Il vero conflitto di interessi.

Fatto salvo il diritto di critica a una misura adottata dal governo, diritto esercitato da Sky, diretta parte in causa, ma anche giustamente esercitato dai giornali italiani, la polemica attorno al conflitto di interessi è un modo tipicamente italiano di affrontare la realtà. Qualcuno ha giustamente detto che in Italia gli scandali non sono fatti, ma semplici opinioni. Il che di per se è proprio uno scandalo. Le parole logorano gli avvenimenti, i commenti esagerano il racconto dei fatti, il dibattito va sopra le righe, i toni si accendono, la polemica infuria. Dopo di che tutto si spegne, alla maniera del detto popolare che recita “passata la festa, gabbato lo santo”.

Il fatto è che il conflitto di interessi c’è. Il fatto è che la legge Frattini contro il conflitto di interessi non è mai stata efficace. Il fatto è che il precedente governo Prodi non ha modificato quella legge inefficace.
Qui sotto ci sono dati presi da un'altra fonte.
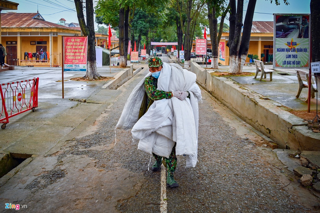 Chị Tâm cùng con gái 2 tuổi trở về từ Trung Quốc sau chuyến thăm người thân đã ở điểm cách ly 3 ngày qua. Chị cho biết con gái được các chiến sỹ nấu thêm 3 bữa cháo mỗi ngày để đảm bảo sức khỏe. "Phòng chúng tôi ở có 8 giường toàn phụ nữ và trẻ nhỏ nên được các chiến sỹ ưu tiên cho thêm bộ đèn sưởi. Nói chung cuộc sống được các anh bộ đội chăm sóc từ miếng cơm thậm chí dọn rác nên mình cảm thấy rất yên tâm khi ở đây".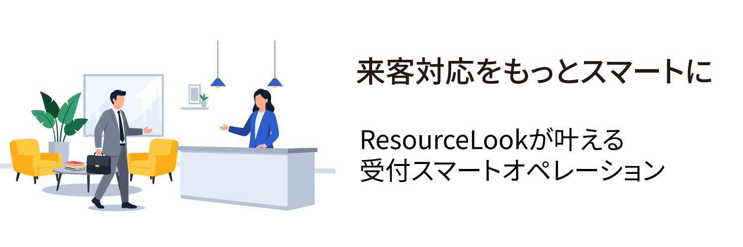 会議室予約管理システム「ResourceLook」は、予約データと来客・受付管理をひとつにつなぐことで、取り次ぎ時の手間を軽減、スマートな来客対応を実現します。

Il fatto è che l’attuale governo nega l’esistenza del fatto che il conflitto di interessi c’è. Dopo di che ognuno può legittimamente esprimere il suo punto di vista in merito. Ma le opinioni passano, i fatti restano. Questo modo di ragionare fa molto male alla comprensione della realtà, proprio in un momento cruciale della nostra economia, che perde colpi, sotto la pressione dei mercati globali, ma subisce i colpi di una visione per niente lucida della gravità della situazione.
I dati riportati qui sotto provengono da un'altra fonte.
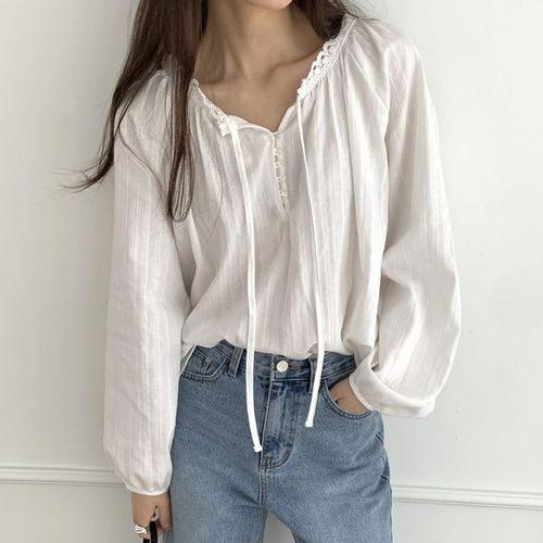 [유야]넥스트링 면 레이스 퍼프 블라우스 남방 하객룩 -BL0058H- 빅사이즈 루즈핏 여성 봄 여름

Un lampante conflitto di interessi si sta sviluppando, ancora una volta tra i fatti e le opinioni. Telecom Italia annuncia altri 4000 esuberi, che si aggiungono ai 5000 già dichiarati. Fiat annuncia un massiccio ricorso alla cassa integrazione. Motorola ha chiuso a Torino. Panasonic ha chiuso a Pisticci, in Lucania. La CGIL parla di 450.000 precari che perderanno il posto di lavoro. I sindacati di base parlano dell’allontanamento di oltre 500.000 precari dalla scuola e dal pubblico impiego. La CISL prevede una perdita del posto di lavoro pari a 980.000 unità. La vicenda Alitalia ha messo nell’incertezza migliaia di dipendenti. E’ un fatto assodato che i consumi stiano crollando. E’ un fatto assodato la crisi finanziaria stia impattando ferocemente sull’economia reale. Si possono avere opinioni diverse sull’efficacia delle misure anti-crisi adottate dall’attuale governo. Ma non si può negare la gravità di una situazione che giorno per giorno si sta allargandosi a tutti i comparti della nostra economia: dalla manifattura ai servizi, dal commercio ai trasporti, dalla grande alla piccola e media azienda, dal lavoro dipendente a quello autonomo, dai media alla pubblicità.
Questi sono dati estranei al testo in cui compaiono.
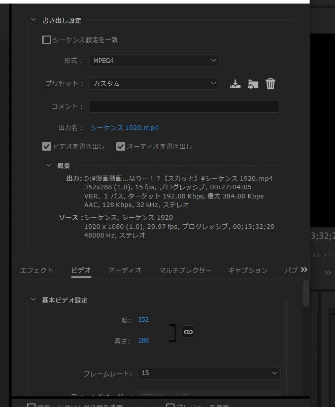 書き出しの設定がMP4から3GPPに勝手に変わってました

Il vero conflitto di interessi del Paese è negare i fatti, a favore di una professione di ottimismo che non ha solide basi, se non quelle di un atteggiamento fondamentalista nelle capacità automatiche del mercato di rigenerare se stesso.
La consapevolezza della gravità della situazione aiuta la ricerca di soluzioni credibili ed efficaci. Al contrario, diffondere vaghi appelli all’ottimismo e alla fiducia fa perdere tempo alle decisioni, confonde le idee, disperde energie altrimenti meglio utilizzabili. Non è più il tempo in cui l’emozione può prendere il posto della ragione. Se guardiamo in faccia la crisi, siamo già nella condizione di superarla. Se ne neghiamo la portata, ne diventiamo gregari, ci trasformiamo in portatori sani di una delle peggiori malattie economiche mai viste.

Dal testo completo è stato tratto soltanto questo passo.